Pakan is a small town in Pakan District, Sarikei Division, Sarawak, Malaysia. The district population estimates (as of the 2017 census) was 17,600.

Most of its inhabitants are ethnic Iban people (95%+) and a few minority Chinese usually concentrated in its town area. A small minority of Malay work in a government sector, such as teachers, nurses, district officers, and police.

==Etymology==
The name Pakan was derived from a local fruit resembling durian, named Buah Pakan. It has yellowish skin and flesh. The fruit has since become the symbol of the town with its replica built at the junction of Entabai road.

==History==
In 1911, a man from Guangdong named Wen Ru Zhu (翁如珠) was the first Chinese to arrive in Sarikei.
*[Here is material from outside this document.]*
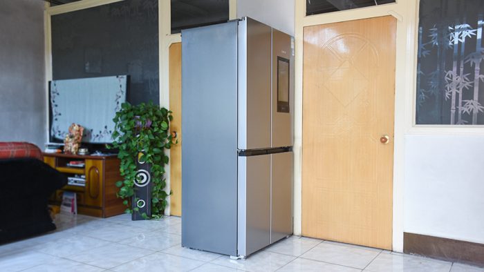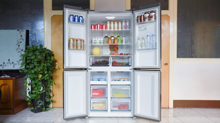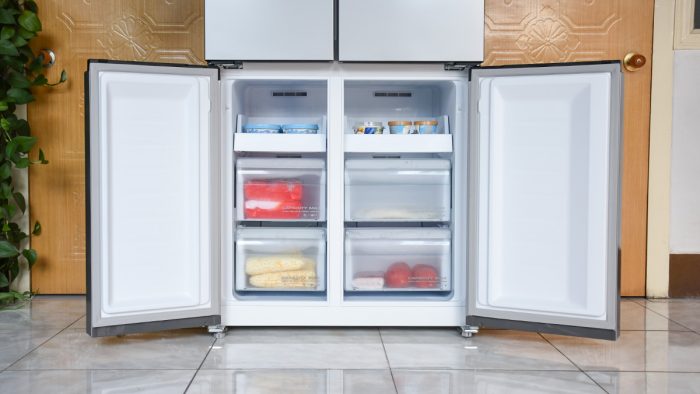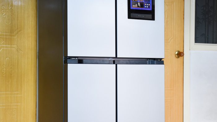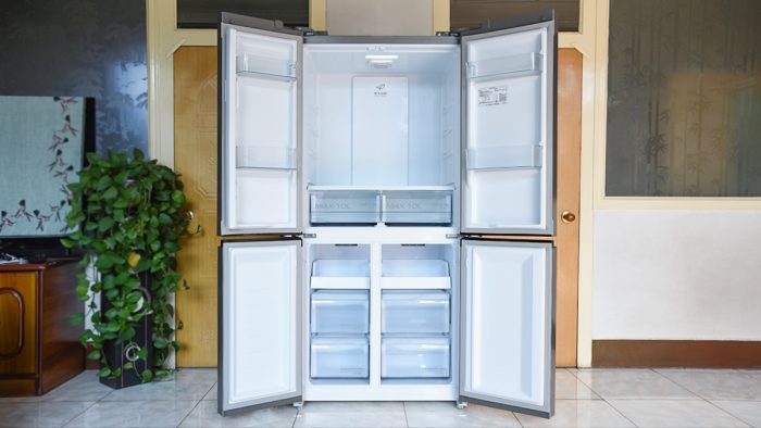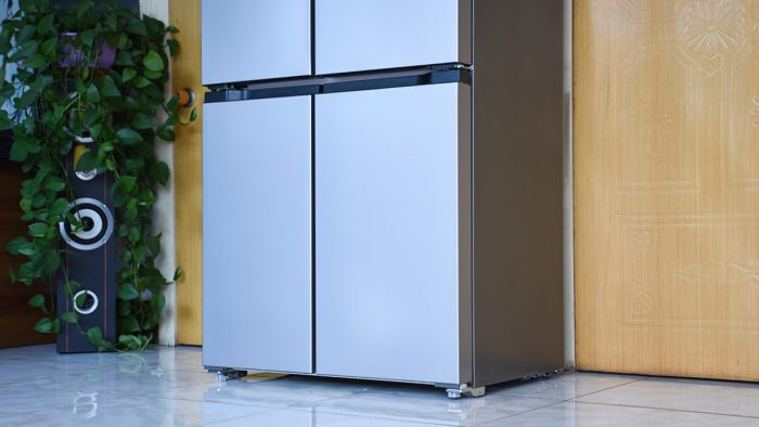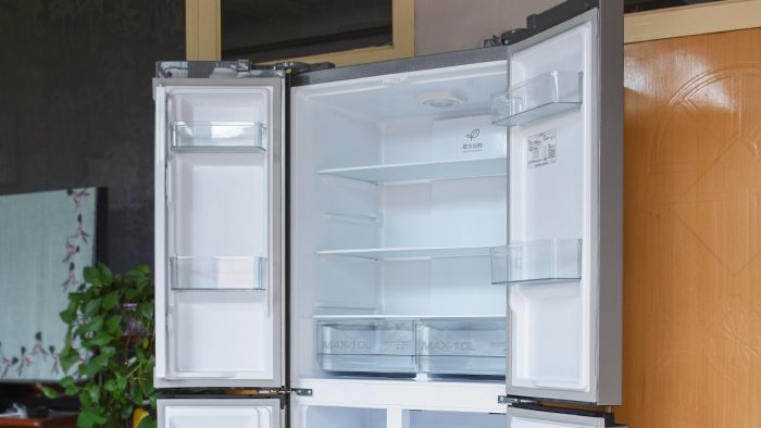 机身正面设计成十字四开门的方式,左侧的门较窄,右侧的门较宽,布局上更加科学合理。每一扇门里面都对应着独立的存储空间,如果你大致记得物品放在哪个区域,在拿取物品的时候打开对应的门即可,十分方便。

Four years later in 1915, he together with one of his family member, brought some daily necessities, climbed through the mountains and arrive in Pakan to trade with the Iban people living there for agricultural products. Apart from Iban longhouses and rubber plantations, there were no Chinese houses there. The Iban people welcomed the arrival of Wen as he brought the much needed daily necessities to them. The journey to and from Pakan took about ten days. Wen would build a small hut in Pakan to stay there for some days before going back to Sarikei. Later, he married an Iban woman in Pakan and started a family. Later, more Chinese came here to build shophouses and to trade with Iban people.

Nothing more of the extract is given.